::: DATA FOR ANALYSIS

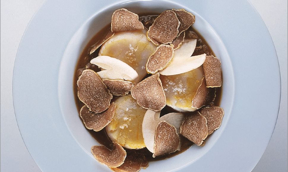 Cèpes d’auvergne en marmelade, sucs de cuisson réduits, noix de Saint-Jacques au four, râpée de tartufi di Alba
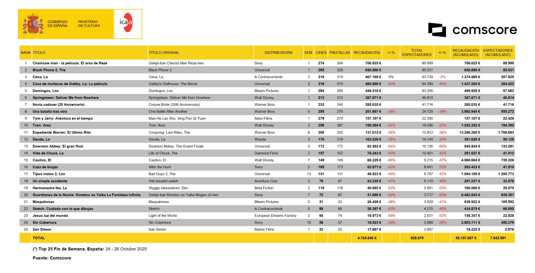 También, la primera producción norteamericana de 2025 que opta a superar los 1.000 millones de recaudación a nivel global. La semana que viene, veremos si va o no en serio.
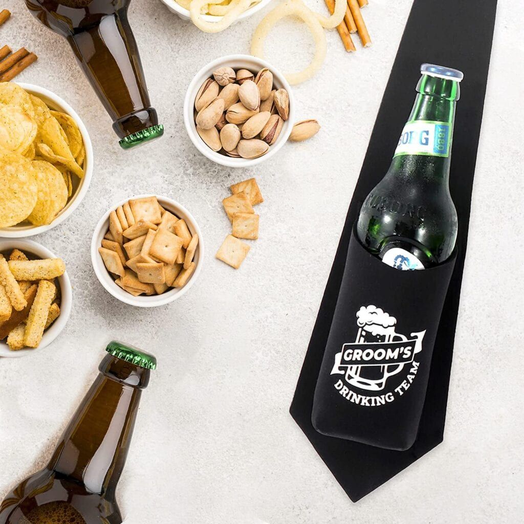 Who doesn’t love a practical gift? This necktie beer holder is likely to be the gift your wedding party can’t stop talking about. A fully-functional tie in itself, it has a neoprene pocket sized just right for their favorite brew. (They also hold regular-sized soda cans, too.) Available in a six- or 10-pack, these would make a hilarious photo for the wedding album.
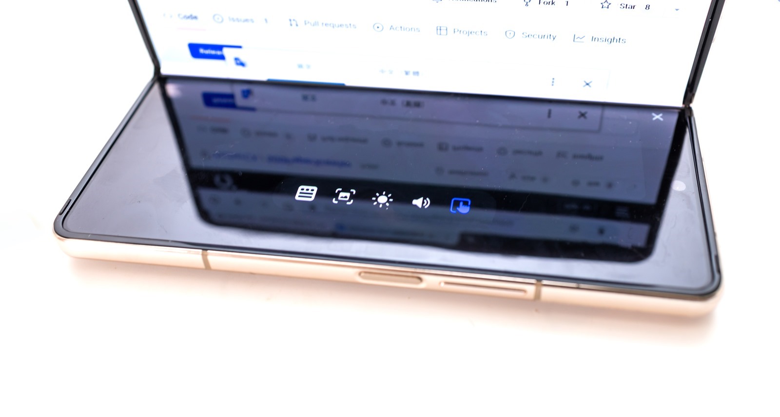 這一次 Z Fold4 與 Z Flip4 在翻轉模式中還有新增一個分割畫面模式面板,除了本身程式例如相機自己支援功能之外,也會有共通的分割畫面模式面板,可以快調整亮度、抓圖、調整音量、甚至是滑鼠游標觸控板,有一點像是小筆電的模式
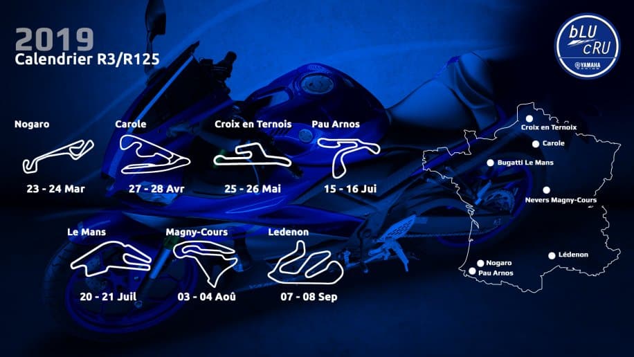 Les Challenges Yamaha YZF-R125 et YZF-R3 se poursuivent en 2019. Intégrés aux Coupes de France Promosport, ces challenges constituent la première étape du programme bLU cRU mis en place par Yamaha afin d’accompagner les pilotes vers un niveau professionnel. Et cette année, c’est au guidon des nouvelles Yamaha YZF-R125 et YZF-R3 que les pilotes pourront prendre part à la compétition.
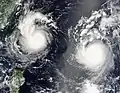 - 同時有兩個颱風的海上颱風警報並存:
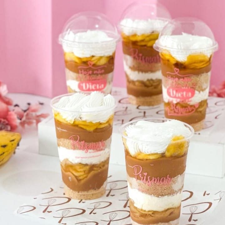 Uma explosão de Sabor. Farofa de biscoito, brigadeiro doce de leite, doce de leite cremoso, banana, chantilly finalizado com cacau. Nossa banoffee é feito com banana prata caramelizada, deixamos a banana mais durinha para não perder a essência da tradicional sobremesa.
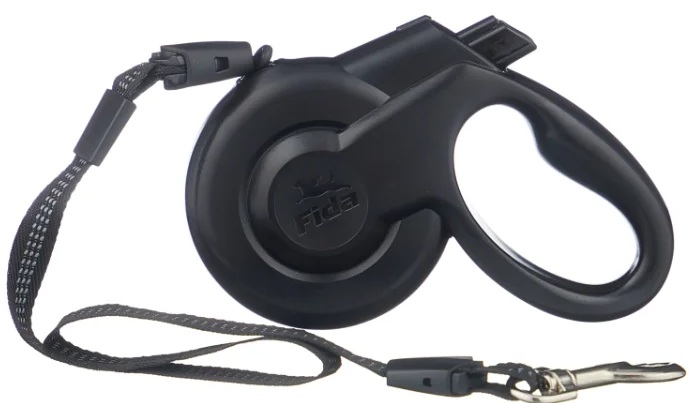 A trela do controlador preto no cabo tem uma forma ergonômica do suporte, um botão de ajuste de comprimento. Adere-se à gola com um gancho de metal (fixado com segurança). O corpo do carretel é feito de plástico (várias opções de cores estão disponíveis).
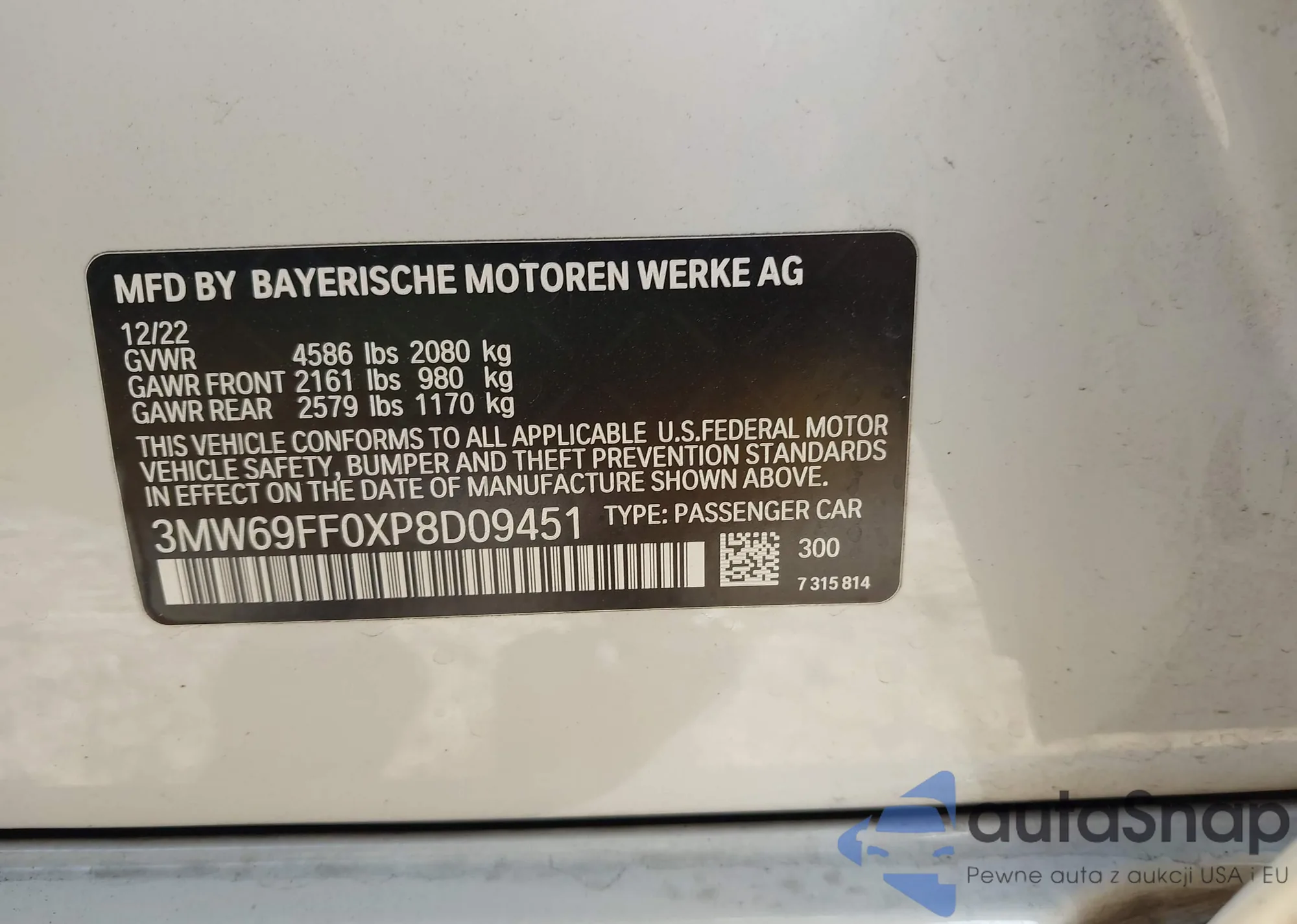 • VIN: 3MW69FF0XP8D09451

::::::
::: DATA FOR ANALYSIS

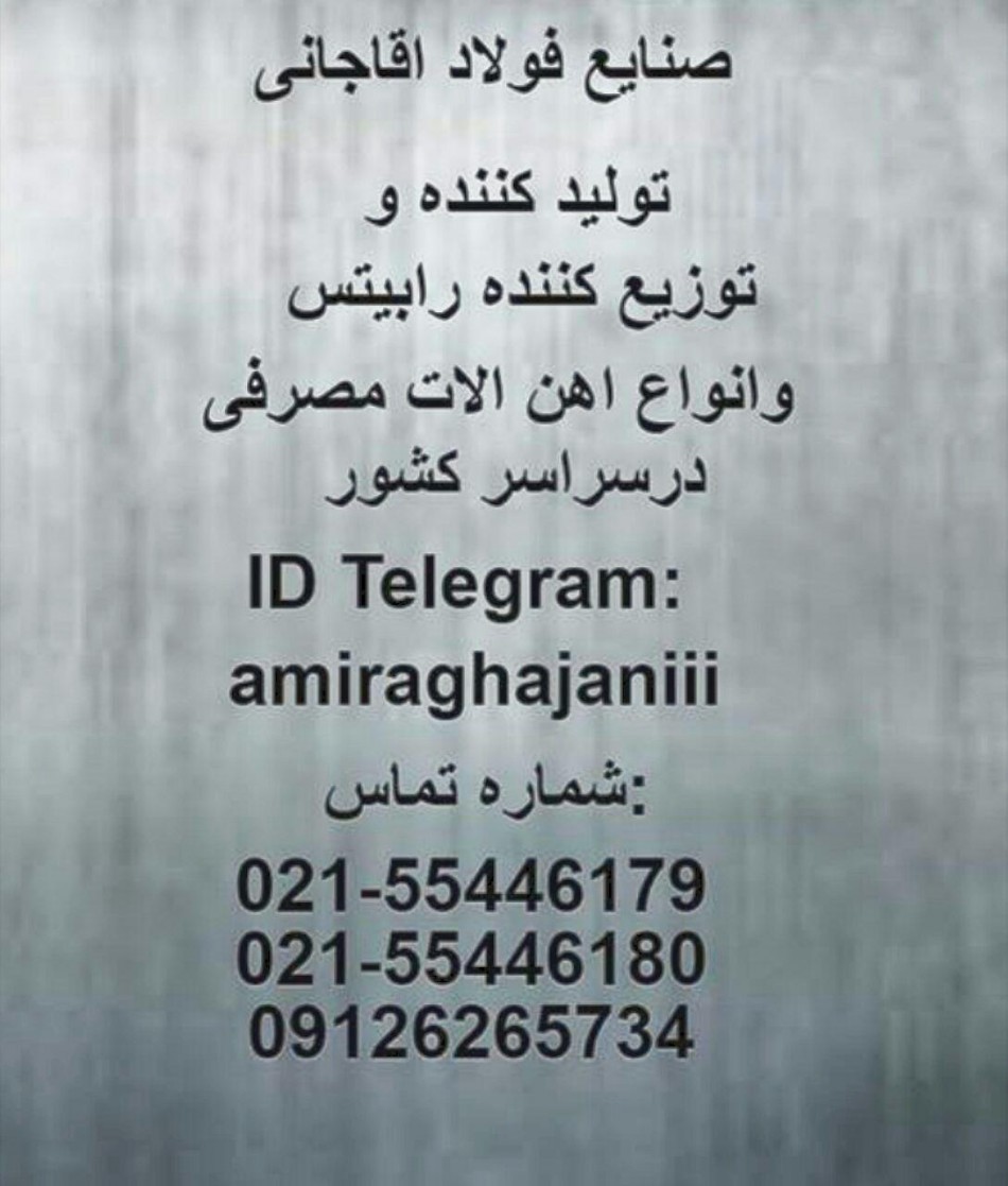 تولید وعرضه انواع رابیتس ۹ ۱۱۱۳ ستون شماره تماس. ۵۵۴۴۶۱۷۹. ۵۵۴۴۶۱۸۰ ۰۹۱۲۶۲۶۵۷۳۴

::::::

INSTRUCTIONS TO FOLLOW> Leaving out each picture, repeat exactly the lines above from the one that contains "Les Challenges Yamaha" through the one that contains "Uma explosão de".

SOLUTION FOR THIS PROBLEM>
 Les Challenges Yamaha YZF-R125 et YZF-R3 se poursuivent en 2019. Intégrés aux Coupes de France Promosport, ces challenges constituent la première étape du programme bLU cRU mis en place par Yamaha afin d’accompagner les pilotes vers un niveau professionnel. Et cette année, c’est au guidon des nouvelles Yamaha YZF-R125 et YZF-R3 que les pilotes pourront prendre part à la compétition.
 - 同時有兩個颱風的海上颱風警報並存:
 Uma explosão de Sabor. Farofa de biscoito, brigadeiro doce de leite, doce de leite cremoso, banana, chantilly finalizado com cacau. Nossa banoffee é feito com banana prata caramelizada, deixamos a banana mais durinha para não perder a essência da tradicional sobremesa.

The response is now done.